Broadly speaking, the specification in GenCoG is more declarative while the one in NNSmith is more imperative (e.g., some manual sampling code is involved). I am aware that the specification in NNSmith contains more fine-grained handling of some corner cases, and therefore it may not be directly comparable with the one in GenCoG. However, GenCoG is still able to potentially make the specification simpler.

  1. GenCoG does not contain the value searching technique in NNSmith, which improves numerical validity. It is still possible that GenCoG can be extended with this part.

That is what I have to share for now. I may add some more details and discuss other related issues later.

2 Likes

Thanks for the input. For the “the specification of reshape is much longer”, just want to quickly explain that the validity spec for reshape in NNSmith can be as short as one liner like return product(*self.target_shape) == product(*input_shape). It is longer, not because we handled more corner cases or the way we describe specification is not declaritive, but because we did some non-trivial optimization to constraint the solve space to make SMT solving affordable. This is because the complexity of the MIP problem of a * b * c == d * f * g is too high. If you read the code more carefully, we did constraint sub-grouping (credit to my collaborator Jinkun) to convert the original high-complexity constraint to a low-complexity one, trading off a bit solving space for efficiency. I will read other comments later. Thanks for the input again!

1 Like

Many thanks. I did not completely understand what the code in requires is doing in the first place and made incorrect judgement in my comment. I apologize for that. Now I know and thanks again for your kind explanation.

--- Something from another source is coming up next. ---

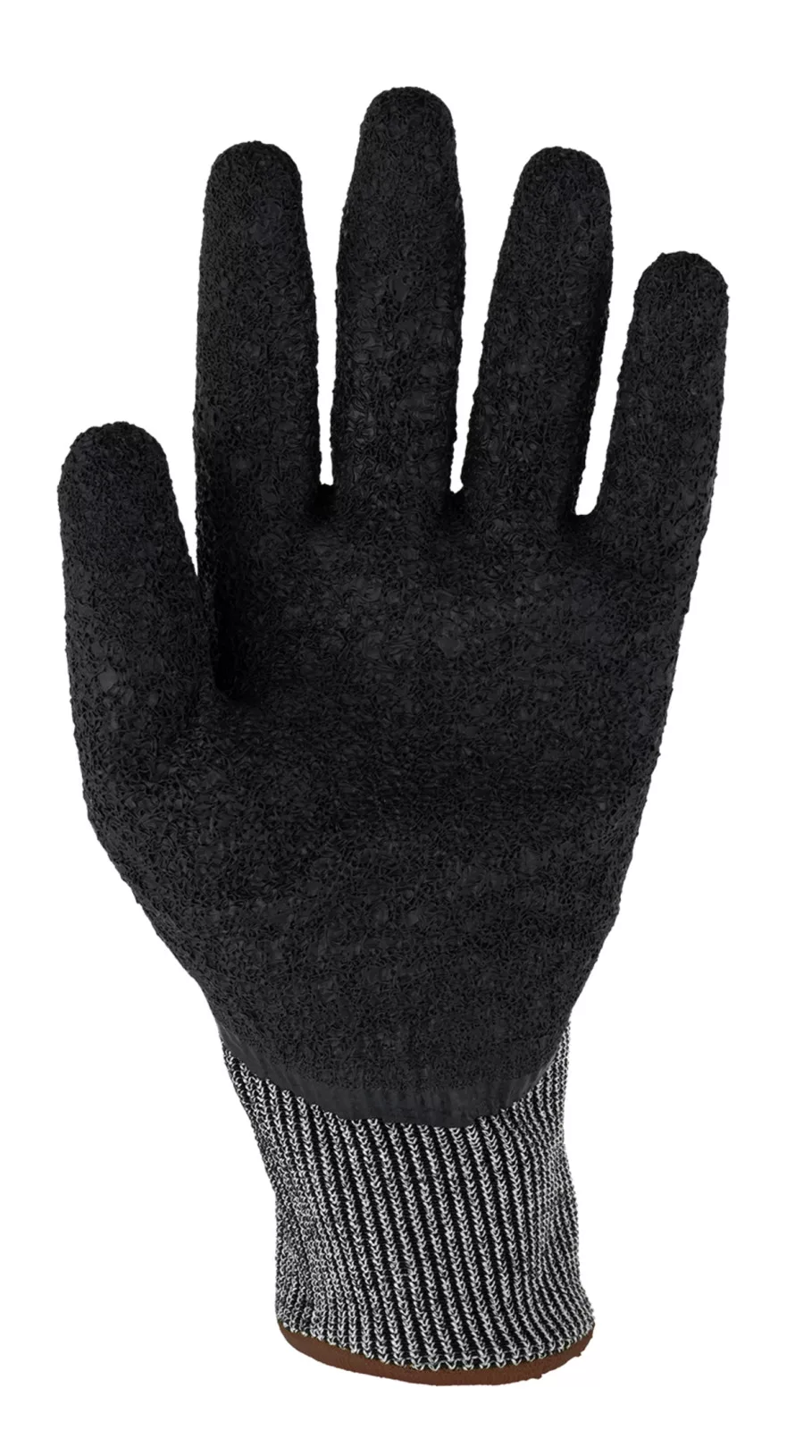 13-as kötésű szürke, varrás nélküli alapkesztyű HPPE-ből, acélszálból, spandexből és poliészterbőlFekete krepp latex bevonat ökölcsontigKötött mandzsetta

There is one thing I am considering. Since the specification should be provided by human, I guess it should be as simple as possible. Maybe the developer only needs to write product(*self.target_shape) == product(*input_shape) in the specification and rest constraint solving implementation (including the optimizations like constraint sub-grouping you mentioned) can be done by the solver.

Then I may talk about my own experience. In the implementation of GenCoG, there is no such optimization that improves the solving efficiency. The solver directly feeds these non-trivial constraints to the SMT solver. However, the graph generation time of GenCoG is not so long. It takes less than one second to generate a 32-node graph. (It is not significantly slower than NNSmith, right?) In my opinion, though the general complexity of the MIP problem is high, for the cases that we encounter in operator generation, their actual complexity may still be acceptable.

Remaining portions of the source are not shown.